Domain registration is separate from DNS hosting — annual TLD fees appear on the registrar line, not the per-query table above.

Capacity planning sketch: one million standard queries per month costs about $0.40 — modest. One billion standard queries costs about$ 400 before volume discounts on the second billion. Alias-heavy architectures fronting CloudFront or ALB often erase the query line entirely for apex traffic while health checks and hosted zones remain the steady-state bill. Model both steady and failover-state costs: during an incident you might lower TTL (more queries) and run extra calculated checks until stability returns.

Creating and Managing DNS Records

Let us create some records. Route 53 uses a change-batch system where you submit JSON describing CREATE, DELETE, or UPSERT actions against a hosted zone ID. Changes propagate to Route 53’s authoritative fleet quickly, but the internet’s view still depends on TTL and resolver caches — a successful change-resource-record-sets API call is not the same as “every user sees the new IP.”

Change IDs and status polling: each batch returns a ChangeInfo ID; use get-change until status is INSYNC before running verification scripts in CI. Pipelines that fire application deploys immediately after the API returns without waiting for INSYNC race the same failure mode as ignoring TTL — automation thinks DNS is done while resolvers still serve stale data.

SetIdentifier discipline: weighted, latency, failover, geolocation, geoproximity, and multivalue records that share the same name and type must differ by SetIdentifier strings you choose. Duplicate identifiers in the same batch fail; missing identifiers when adding a second latency record silently overwrite in the console if you are not careful. Treat identifiers as immutable infrastructure names (us-east-1-prod, eu-west-1-prod) in Terraform or CloudFormation, not display labels you rename casually.
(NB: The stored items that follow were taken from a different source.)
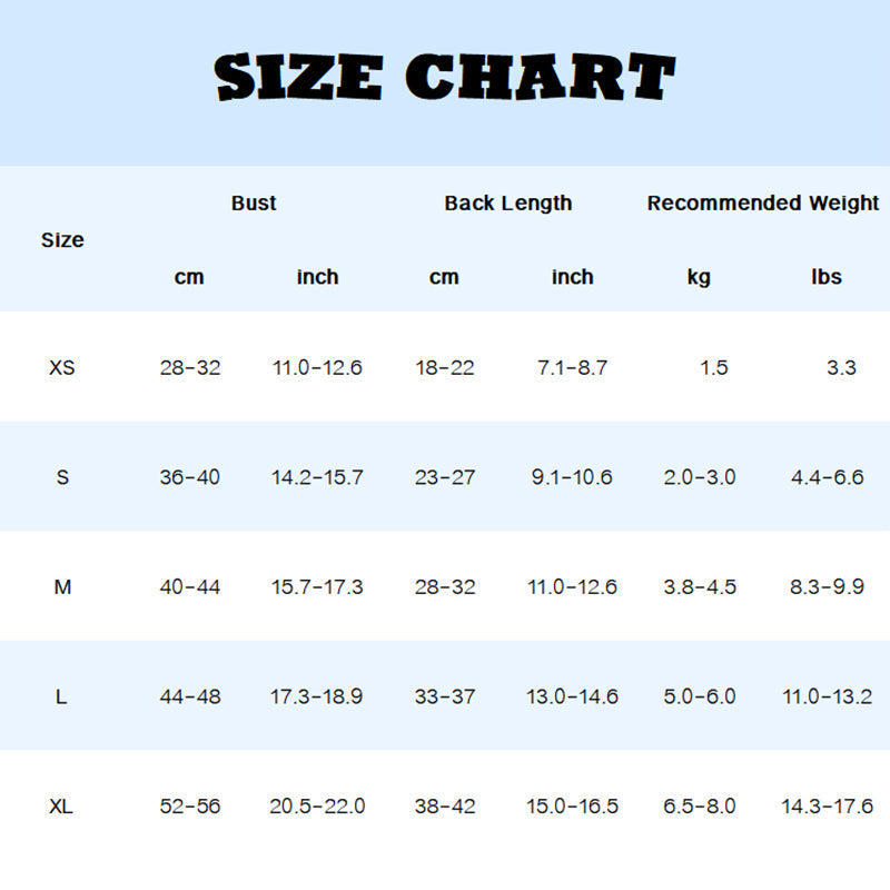 Bei der Größenauswahl sollten Sie vor allem auf den Brustumfang und die Rückenlänge achten, insbesondere bei Rassen wie Schnauzern, Französischen Bulldoggen und Katzen.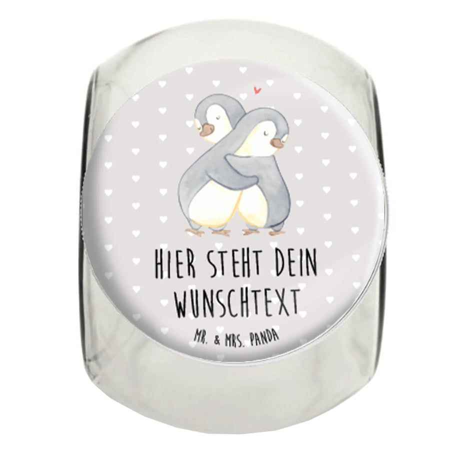 Personalized Candy Jar penguins Cuddle - XL 2000ml - Pastel Gray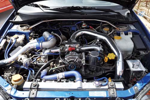 Trust TD06渦輪經過1.2Bar的高增壓後,能使這台EJ257輕鬆輸出400hp最大馬力。 |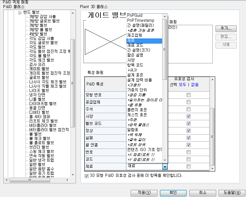 - P&ID 객체 매핑 창의 P&ID 클래스 아래에서 트리를 확장하고 특성을 추가한 P&ID 객체(예: 밸브)를 클릭합니다.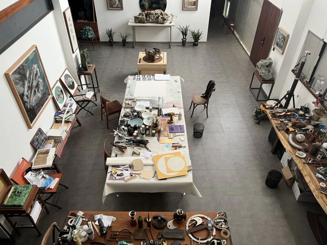 2000年在苏州环秀山庄创作的《观石》《面壁》,更是直接以园林为现场,在作品中尝试引入“借景”与“情境”的概念,用官帽椅、酒坛、太湖石,构建出传统园林与当代艺术对话的独特场域。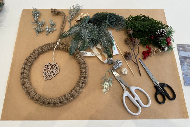 パーツ一式。これがどうやったらリースになるのか皆目想像が付きませんが、指導を受けまして、要は針金と接着剤でもう好き勝手作っていいと。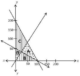 The correct answer is Option (2) → Region C The given constraints are: $x + 2y \geq 100$ (above the line) $2x - y \leq 0 \Rightarrow y \geq 2x$ (above the line) $2x + y \leq 200$ (below the line) $x \geq 0$, $y \geq 0$ (first quadrant) To satisfy all these constraints simultaneously, we look for the region that:

Routing policy is per record set: you cannot weight one IP and failover another in the same record set — you create separate record sets with the same name, different policies, and different identifiers. Console wizards hide some of this; API and IaC expose it, which is why exam questions often describe two record sets with the same app.example.com name.

Basic Record Creation

# Create an A record pointing to an EC2 instance
aws route53 change-resource-record-sets \
  --hosted-zone-id Z0123456789ABCDEFGHIJ \
  --change-batch '{
    "Changes": [
      {
        "Action": "CREATE",
        "ResourceRecordSet": {
          "Name": "app.example.com",
          "Type": "A",
          "TTL": 300,
          "ResourceRecords": [
            {"Value": "54.231.128.12"}
          ]
        }
      }
    ]
  }'

# Create an ALIAS record pointing to an ALB
aws route53 change-resource-record-sets \
  --hosted-zone-id Z0123456789ABCDEFGHIJ \
  --change-batch '{
    "Changes": [
      {
        "Action": "UPSERT",
        "ResourceRecordSet": {
          "Name": "example.com",
          "Type": "A",
          "AliasTarget": {
            "HostedZoneId": "Z35SXDOTRQ7X7K",
            "DNSName": "my-alb-123456789.us-east-1.elb.amazonaws.com",
            "EvaluateTargetHealth": true
          }
        }
      }
    ]
  }'

# Create an ALIAS record pointing to a CloudFront Distribution
# Note: CloudFront always uses the fixed HostedZoneId Z2FDTNDATAQYW2
aws route53 change-resource-record-sets \
  --hosted-zone-id Z0123456789ABCDEFGHIJ \
  --change-batch '{
    "Changes": [
      {
        "Action": "UPSERT",
        "ResourceRecordSet": {
          "Name": "example.com",
          "Type": "A",
          "AliasTarget": {
            "HostedZoneId": "Z2FDTNDATAQYW2",
            "DNSName": "d111111abcdef8.cloudfront.net",
            "EvaluateTargetHealth": false
          }
        }
      }
    ]
  }'

# Create an ALIAS record pointing to an S3 Static Website
# Note: S3 HostedZoneId depends on the region of the bucket
aws route53 change-resource-record-sets \
  --hosted-zone-id Z0123456789ABCDEFGHIJ \
  --change-batch '{
    "Changes": [
      {
        "Action": "UPSERT",
        "ResourceRecordSet": {
          "Name": "www.example.com",
          "Type": "A",
          "AliasTarget": {
            "HostedZoneId": "Z3AQBSTGFYJSTF",
            "DNSName": "s3-website-us-east-1.amazonaws.com",
            "EvaluateTargetHealth": false
          }
        }
      }
    ]
  }'

Notice the UPSERT action in the second example. This is idempotent — it creates the record if it does not exist, or updates it if it does. Production automation should usually prefer UPSERT over CREATE to avoid failures when re-running scripts.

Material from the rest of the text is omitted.